Durante décadas, a formação em gestão e em economia assentou numa separação relativamente clara de domínios: finanças de um lado, estratégia do outro, operações num terceiro espaço. O mundo funcionava, em grande medida, por silo. E as escolas de negócios refletiam essa lógica. Hoje, essa abordagem está claramente esgotada.
Os grandes desafios que enfrentamos — climáticos, tecnológicos, geopolíticos, sociais — não respeitam fronteiras disciplinares. Pelo contrário, emergem precisamente da interação entre sistemas económicos, tecnológicos, ambientais e humanos. Preparar os gestores e economistas do futuro exige, por isso, uma mudança profunda: não basta saber mais de uma área; é essencial saber ligar áreas diferentes.
Um recente relatório do World Economic Forum (WEF) sobre tecnologias emergentes para um planeta mais próspero é particularmente elucidativo. As soluções identificadas — da fermentação de precisão à observação da Terra em tempo real, da inteligência artificial aplicada à economia circular à transição energética — não são apenas tecnológicas. São soluções que combinam ciência, dados, engenharia, regulação, modelos de negócio, ética e impacto social. O ponto central não é a tecnologia em si, mas a capacidade de a integrar em decisões estratégicas responsáveis e com impacto.
Isto coloca um desafio direto às escolas de gestão. Continuar a formar excelentes especialistas funcionais é necessário, mas manifestamente insuficiente. O que o contexto atual exige são ‘general managers’ capazes de compreender tecnologia sem serem engenheiros, de ler dados sem serem cientistas de dados, de avaliar impactos sociais e ambientais sem serem sociólogos; mas com profundidade suficiente para fazer as perguntas certas e tomar decisões informadas.
Esta competência não nasce apenas da acumulação de cadeiras. Nasce da articulação entre disciplinas de gestão, humanidades e tecnologia.

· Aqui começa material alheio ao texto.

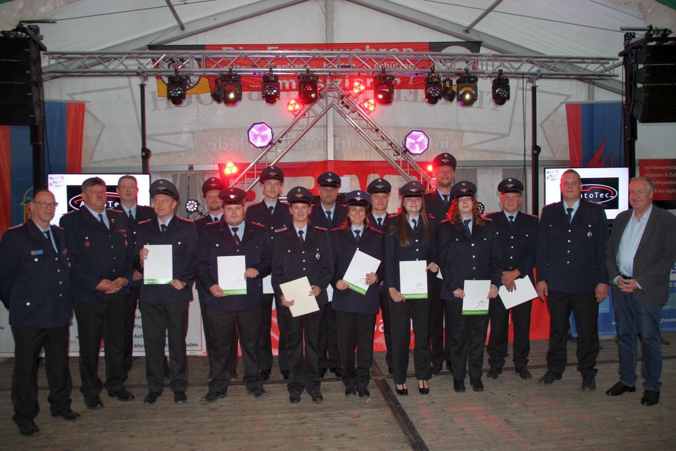 Janina Kuhlmann ist nun Feuerwehrfrau und Lorenz Noltemeyer Feuerwehrmann. Stefan Forst, Michelle Burkat und Jasper Dörner sind nun Oberfeuerwehrmänner bzw. Oberfeuerwehrfrau. Hauptfeuerwehrmann/frau dürfen sich nun Lisa Bartels, Alexander Witte und Marvin Wienhold nennen. Justin Jahn wurde zum Löschmeister befördert.

As humanidades — filosofia, ética, história, sociologia — ajudam a enquadrar decisões num horizonte de longo prazo, a compreender consequências não intencionais e a lidar com dilemas reais de poder, justiça e responsabilidade. A tecnologia — inteligência artificial, ciência de dados, automação — redefine a forma como criamos valor, organizamos empresas e tomamos decisões. A gestão continua a ser o espaço de síntese: onde estratégia, inovação, governação, liderança e execução se encontram.
Esta integração não é um luxo académico; é uma necessidade prática. Um CEO que decide investir em inteligência artificial sem compreender os seus impactos organizacionais e éticos corre riscos sérios. Um gestor que define uma estratégia de sustentabilidade sem perceber de tecnologia ou cadeias de valor globais está condenado à irrelevância. E um economista que ignora limites ambientais ou dinâmicas sociais oferece análises cada vez menos úteis.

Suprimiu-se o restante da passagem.